I'm A Banana
Potassium-Rich
This meant that there was one (known) place that you could go to buy from a MagicMart in the entire world. Overall, the world was lower magic than the 3.X D&D standard, but there was one source that was outside the norm.
How often were the characters capable of using this resource?
Because regardless of how low-magic the world is, if the PC's had a bunch of magic items that they could choose from at whim, the campaign was pretty high-magic, higher than normal D&D, in fact.
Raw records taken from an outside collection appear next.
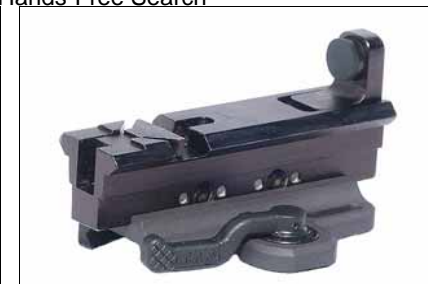
Detachable ARMS 17 Mount.

The Lightlink I-Mount permits you to mount Streamlight (M3 & M6), Glock, LEDWave (Z5) and Surefire X200 tactical lights, Springfield Armory tactical lights (requires a rear spacer block), or Surefire Millenium lights (with a different lockin bar). The Lightlink I-Mount will also permit you to mount a second accessory, and comes with a quick detach (patrol style) mounted sling swivel stud.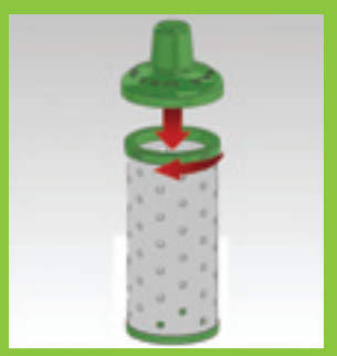
Screw the cap onto the inner chamber with a 1/2twist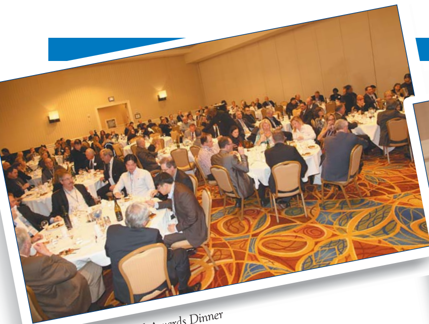
CAM 2016 Annual Awards Dinner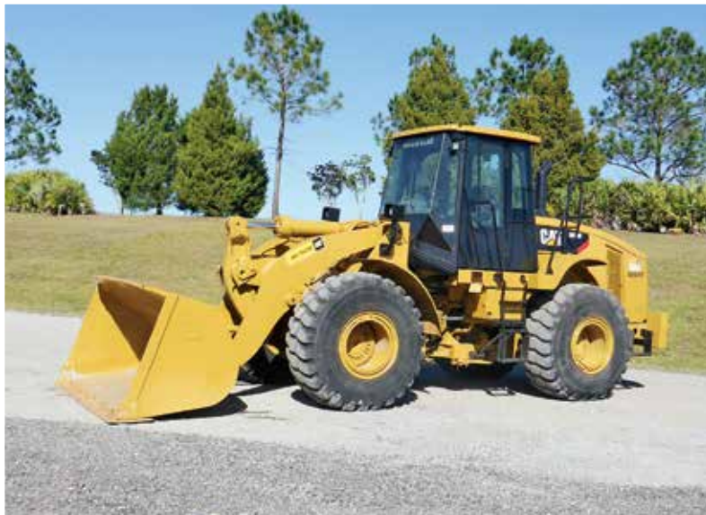
2010 Caterpillar 950H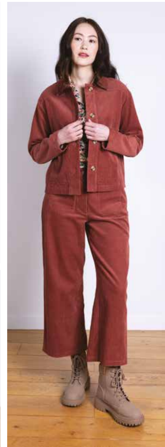
NR6030 / Cord Jacket 100% Cotton Chunky Cord Rose / Sizes 8-20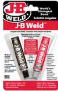
J-B Weld 8265SCAN World's finest cold-weld compound.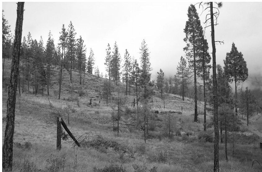
Days Gulch, Darlingtonia ribbon

By the following morning the weather had abruptly turned. Skies were their leaden northwest worst and slanting rain began with force just as we threw our gear into the vehicle. Although we had made plentiful collections, they were not particularly alpine this time around.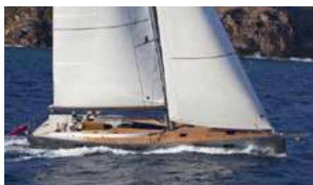
AEGIR Length: 25.10 m Guest/Crew: 6/3 Area: West Mediterranean Rate: From EUR 28 000/week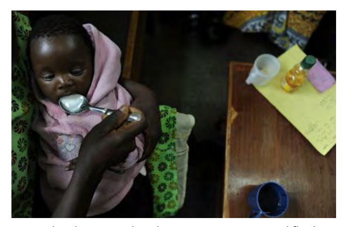
Patiently administered sip-by-sip, ORS restores vital fluids when young children suffer from dehydration caused by severe diarrhea.

Packaged as a powder to be added to safe and clean water, ORS can be administered by caregivers in the home, making it particularly useful in resource-poor settings where access to clinical care is limited. If all parents could access and use ORS, diarrhea deaths would drop by 93 percent.<sup>ii</sup> But a lack of provider and community knowledge in many developing countries, in addition to persistent access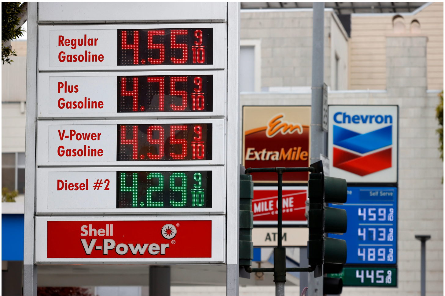
High gas prices seen at a station in San Francisco, California on July 12, 2021.

Biden last year issued a wide-ranging moratorium on new oil and gas leases on federal land pending a review of its environmental and climate impacts.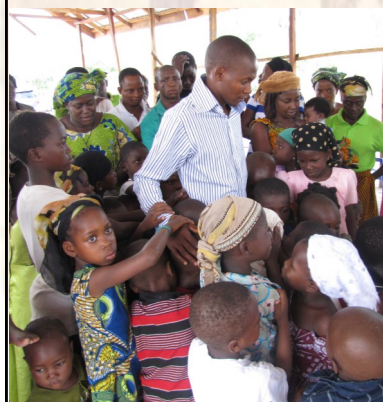
A young pastor and the children of his new church, Nigeria.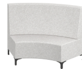
60° Inside Curve High Back IVY60I-HB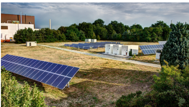
PV facility with Lithium-ion storage system

In 2012, scientists of KIT thought about how to reasonably use regenerative energy sources and sustainably integrate them in its energy concept. They came up with the idea of covering part of the high energy consumption of Campus North by solar power produced by its own PV facility. Then, it was quite logical to launch a parallel project to study the interaction of solar modules, power inverters and lithium-ion batteries. The PV facility was installed in 2013 and since then, all solar power generated has been used to operate large-scale research infrastructure on Campus North. The facility is not only used to cover own power consumption, but also to conduct research. It has been integrated into the Energy Lab 2.0 and provides valuable data for different simulations and evaluations.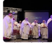
KS Mass for Life 10:30am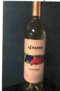
14 HANDS *Pinot Grigio*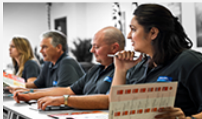
Local Training and Events

For questions or help with registration, please contact midaservice@RexelUSA.com .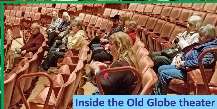
Inside the Old Globe theater

To see all photos: https://1drv.ms/a/s!Asmq8FF8Qe0Qgr5rtN8VlctBcQAcQ

Default 3e doesn't have anything that convenient, even. Greyhawk/core D&D is limited by the size of the town (with the possible single exceptions of planar metropoli like Sigil). Eberron is limited by the lack of high-level NPC's (potions and scrolls are common, but you won't find much above +1 for sale anywhere). FR is limited by forcing you to deal peacably with an evil organization.
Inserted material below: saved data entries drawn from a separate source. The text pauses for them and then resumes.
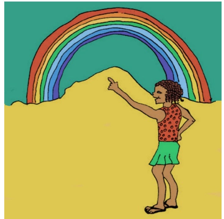
ቀስተ ደመና ይታየኛል።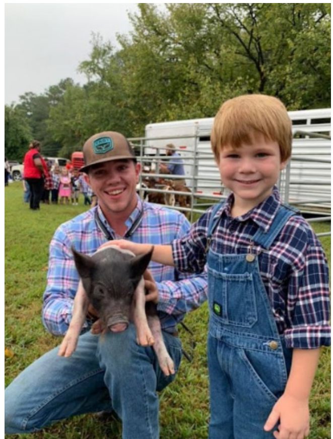
MORGAN COUNTY CHARTER SCHOOL SYSTEM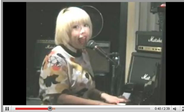
【Vocal Category: dynamitemiki】 http://www.youtube.com/ytjazzjp#p/f/5/zw3Z5JhD3z8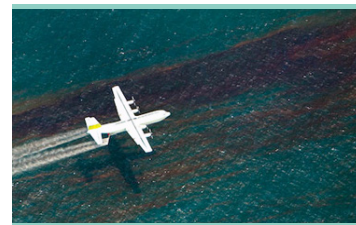
A plane releasing dispersants on a surface oil slick.

As part of the JITF effort, a project team was formed to evaluate best practices developed during the Deepwater Horizon (DWH) response for safely and successfully applying dispersants to surface oil slicks. The project team developed a guidance document to assist companies in pre-planning for large scale aerial and/or vessel dispersant application programs, as well as the preparation of a dispersant operations guide at the time of an incident. The final draft document was completed in the Spring of 2014 and shared with several agency response experts for review and comment. Following feedback from these experts, the document was finalized in November 2014.

If PC's could talk to some weird giants and get a +5 sword (even if they had to make an overland journey or stay near the capital city), the core options are all more difficult.
Feels that way to me. At least, it does if you can easily teleport to the right place to find what you want, or you handwave the search. YMMV. Different strokes for different folks and all that.
I believe you slightly misread me. My confusion doesn't come from the modern definition per se (though it is odd that teleporting feels modern to you since...well...we can't.

If he describes it as "You visit some curio shops until you find what you're looking for" it's a MagicMart, but if he roleplays the old fuddy-duddy in the smelly apothecary who stumbled accross a +1 sword one day while digging up roots in the woods, it's a Magic Shop?
More Detail = Less Modern?
It's kind of derailing the thread, but I don't really understand the connection there.